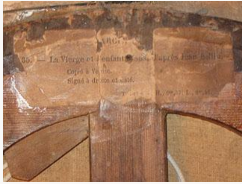
Fig. 4, Garcin, Madonna degli alberetti , verso. [larger image]
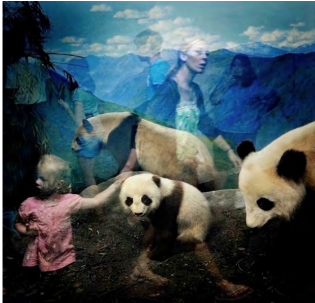
Pandas , 2010, archival inkjet print, 20 x 20"
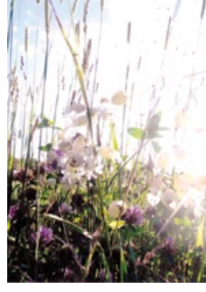
Jacob Sipos / Photography: Light / Honorable Mention

Congratulations to the following students whose work received recognition in the annual Scholastic Art and Writing Awards of NH:
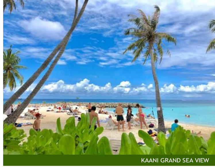
KAANI GRAND SEA VIEW
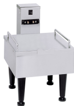
1SH STAND, 120V
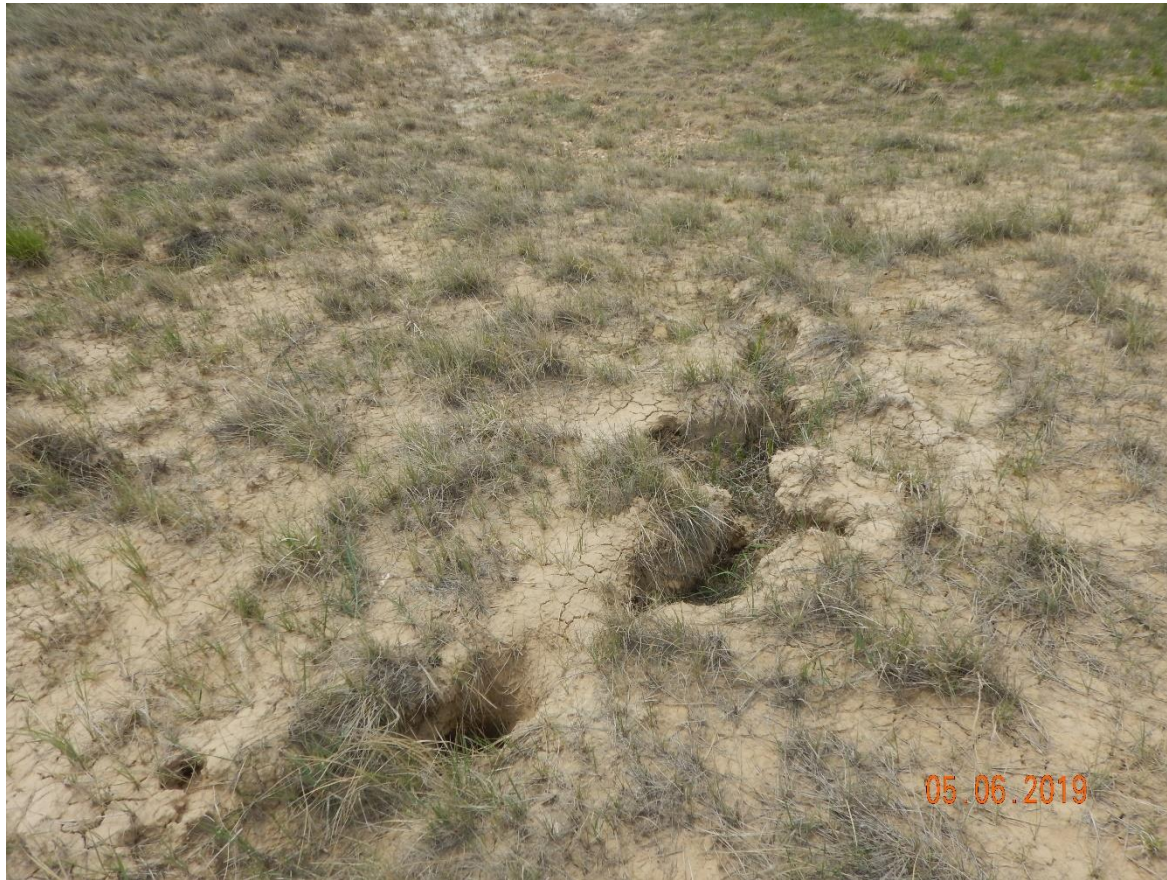
Photo 13: Photo shows gully erosion on the southeast end of the location.
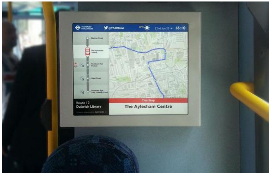
Figure 1: Experimental passenger information screens on buses 9

Also, TfL is continuing to trial passenger information screens on two route 12 buses, showing real time route maps and next stop information using GPS, as shown in Figure 1 below. We look forward to seeing the evaluation of this project.
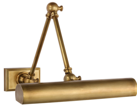
Shown in hand-rubbed antique brass

The Cabinet Maker Double Plug-in / Hardwired Library Light adds a classic look to your space. The double arm can adjust to direct light where you need it. If used as a plug-in, On/Off switch is located on the cord, 18 inches from the backplate. Note: If hardwiring this piece, Fixture does not cover a standard US junction box and requires a 2 x 4 junction box.
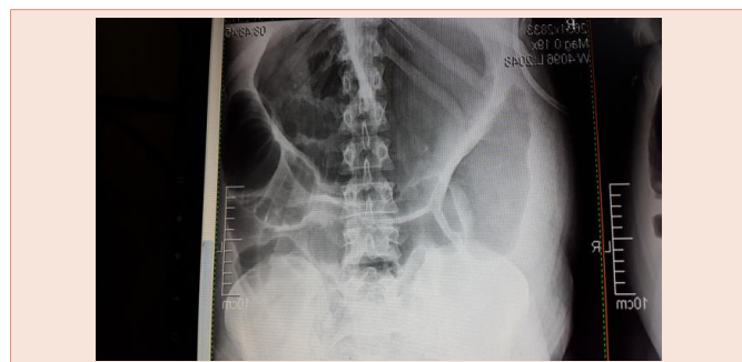
Figure 1: Bowel distention in administration.
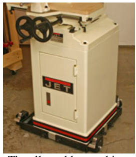
The all-steel base cabinet has storage for the auger & chisel sets and related tools. Add one of our universal mobile bases and the JFM-5 easily goes where you can use it best.

The JET JFM-5 Hollow Chisel Mortiser is mounted atop an all-steel, enclosed base cabinet. The cabinet is 14"-wide, 16"-deep, 23 ½"-tall and features an internal storage area for chisels, related tools and accessories. The base cabinet puts the JET JFM-5 Hollow Chisel Mortiser table surface at a comfortable 31 ½" height above the floor. The overall height of the JET JFM-5 Hollow Chisel Mortiser on its base cabinet is 61".
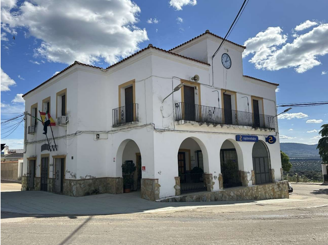
General view of the Town Hall of Tamurejo.

--------------------

Work instructions:
Although pictures appear among the records above, write out exactly only the lines from the one that has "Also, TfL is" through the one that has "The JET JFM-5 Hollow Chisel Mortiser is", and leave the pictures out.

Answer below:
Also, TfL is continuing to trial passenger information screens on two route 12 buses, showing real time route maps and next stop information using GPS, as shown in Figure 1 below. We look forward to seeing the evaluation of this project.
Shown in hand-rubbed antique brass

The Cabinet Maker Double Plug-in / Hardwired Library Light adds a classic look to your space. The double arm can adjust to direct light where you need it. If used as a plug-in, On/Off switch is located on the cord, 18 inches from the backplate. Note: If hardwiring this piece, Fixture does not cover a standard US junction box and requires a 2 x 4 junction box.
Figure 1: Bowel distention in administration.
The all-steel base cabinet has storage for the auger & chisel sets and related tools. Add one of our universal mobile bases and the JFM-5 easily goes where you can use it best.

The JET JFM-5 Hollow Chisel Mortiser is mounted atop an all-steel, enclosed base cabinet. The cabinet is 14"-wide, 16"-deep, 23 ½"-tall and features an internal storage area for chisels, related tools and accessories. The base cabinet puts the JET JFM-5 Hollow Chisel Mortiser table surface at a comfortable 31 ½" height above the floor. The overall height of the JET JFM-5 Hollow Chisel Mortiser on its base cabinet is 61".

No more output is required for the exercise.